Excerpt from Lecture on Switzerland
Travelers relate that in certain conditions of the atmosphere a spectator standing upon the shore at Reggio, and looking upon the smooth waters of the Straits of Messina, sees suddenly, rise before him, as if by magic, the walls, towers, palaces, domes, and streets of a city, in which mimic life goes on, men and animals moving noiselessly to and fro. The illusion is as complete as if the waters of the bay were a foundation upon which the genii of the lamp or of the ring had suddenly erected their magic structures. This is an extreme case of the ordinary illusion presented to those who, in a calm clear day, look at distant objects across a wide expanse of bay or river. Familiar forms are strangely distorted; level shores appear precipitous; the puny sloop swells into the size of a frigate; the fisherman's boat becomes a dismasted sloop, and its occupant a giant. Just so it is when in mental vision we attempt to look through an atmosphere disturbed by the habits and prejudices to which we are accustomed. Unreal towers and walls appear, and objects so lose their shapes that the most familiar forms escape recognition. Every country has its prejudices resulting from education, from all the influences, political, moral, social, and physical which surround and act upon its citizens. By these, in general, the observer of men and things is biased, and be who through the mists of his national or personal prejudices seeks to realize their just forms and proportions, may mistake the pigmy for a giant, the shallop for a frigate.

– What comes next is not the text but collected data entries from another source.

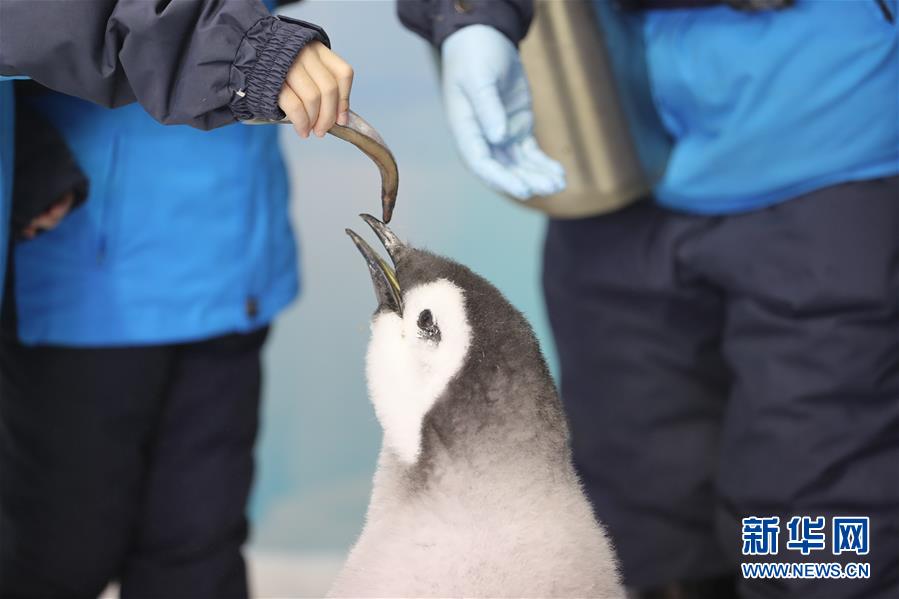 11月25日,小学生给帝企鹅喂食。 当日,来自广州和珠海的小学生代表来到珠海长隆海洋王国,参加企鹅关爱活动,零距离接触今年新生的帝企鹅。本次活动旨在加强极地科普教育,提高小学生保护动物和呵护极地的意识。 新华社记者 卢烨 摄
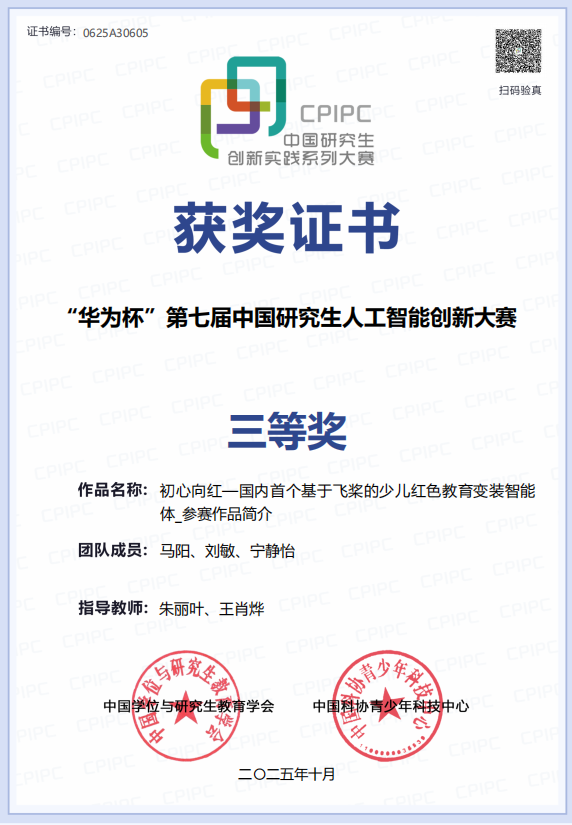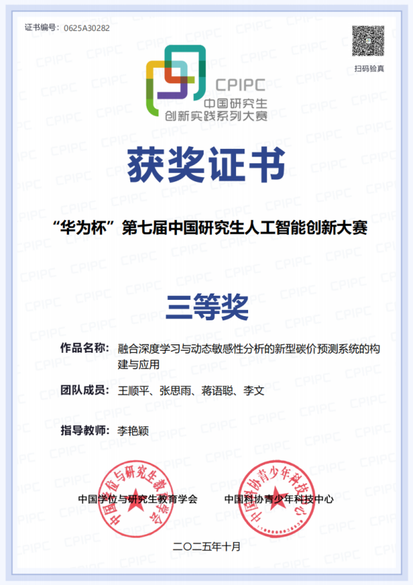 近日,“华为杯”第七届中国研究生人工智能创新大赛全国总决赛在山东青岛举行。我校参赛作品《融合深度学习与动态敏感性分析的新型碳价预测系统的构建与应用》《初心向红——国内首个基于飞桨的少儿红色教育变装智能体》获三等奖,实现了我校在中国研究生创新实践系列大赛中国家级奖项的历史性突破。
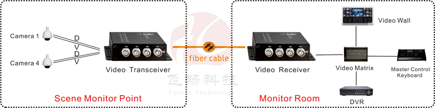 This digital video optical transceiver adopts digital video encoding and gigabit optical fiber transmission technology. The multi-channel single-direction bi-direction audio, video, data, telephone, Ethernet and switch real-time synchronization, no-distortion and high quality transmission is on the single-core or dual-core optical fiber. Complete digital video non-compression transmission technology, with video and data condition indicator, can monitor the system normal operation. It uses modular design, the user can flexibly select or customize configuration based on the scene occasion. Rack installation or desktop installation can be optional. This product is made up of optical transmitter and receiver. It can transmit 4Channel forward direction Video and 1Channel reverse direction RS485 data.
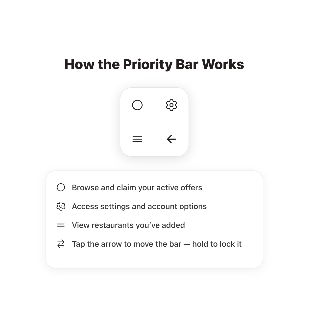 In the Offers Tab you can see all offers from the restaurants you have added. To claim, swipe left! Claim any that are cluttering your space!
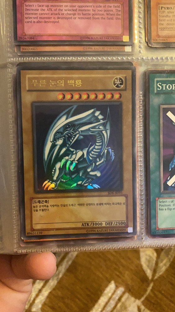 Yu-Gi-Oh Blue-Eyes White Dragon with Starter Box SDK-K001 Korean Near Mint condition is "Used". I Ship with USPS. Small wear and tear on corners. Never played and always kept in Sleeve.
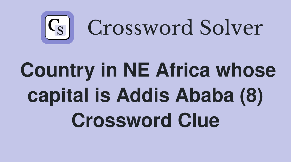 Country in NE Africa whose capital is Addis Ababa (8) Crossword Clue
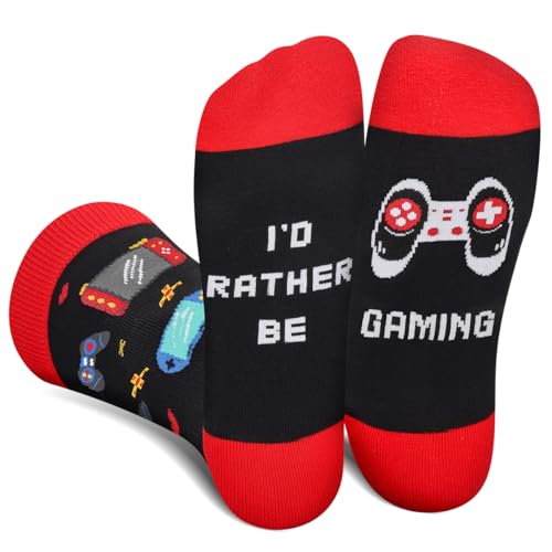 I'd Rather Be Gaming Socks - Fun Gamer Socks for Men, Women & Teens - Novelty Gifts for Dad, Husband - Game Lovers, Valentines, Stocking Fillers
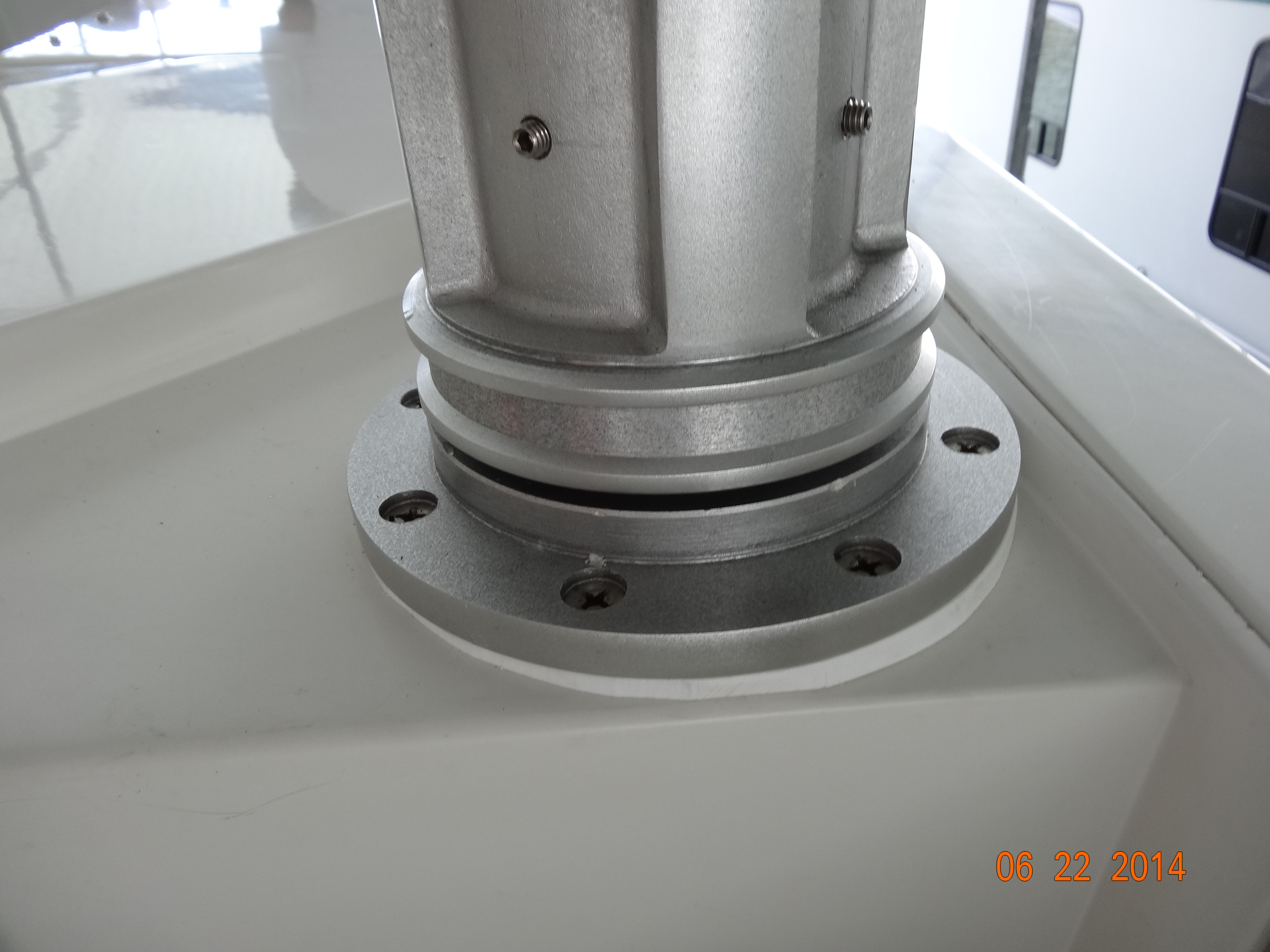 They had to build a custom base for the davit as the pole didn’t quite touch the floor
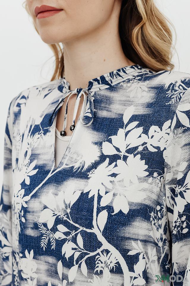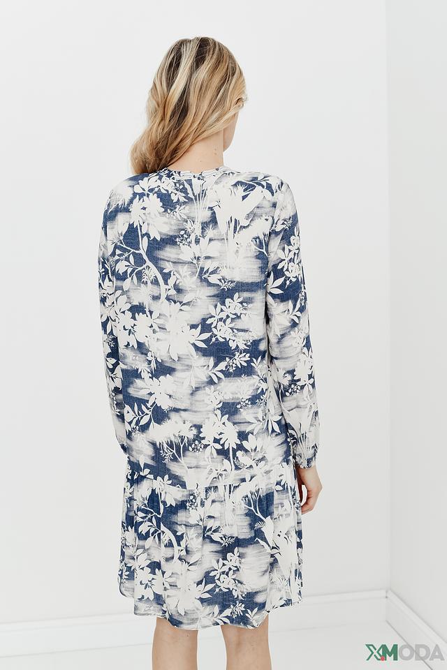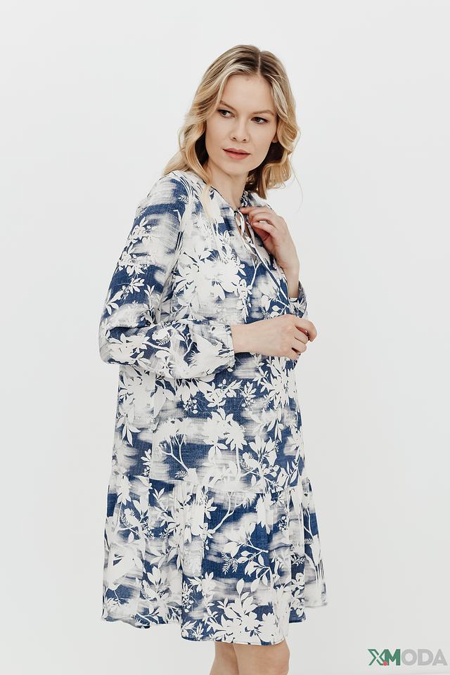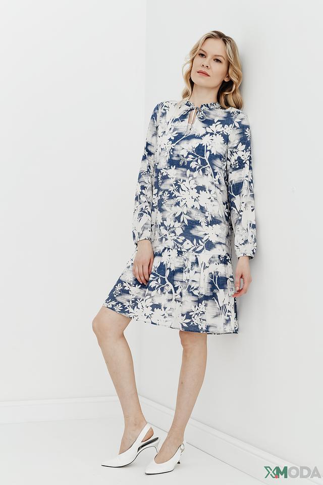 Основной цвет платья – синий, но оно украшено ярким цветочным принтом в белых и кремовых тонах. Этот принт добавляет платью женственности и романтичности. Платье идеально подходит для повседневной носки, а также для особых случаев.

In estimating the institutions of the Old World we are prone to forget that the materials for our judgment are generally furnished by the opinions of those who are brought up under a totally different state of things from that which exists around us. The conclusions which we thus form may be the very opposite of those to which we would have come ourselves, had our own prepossessions furnished the inferences from the facts.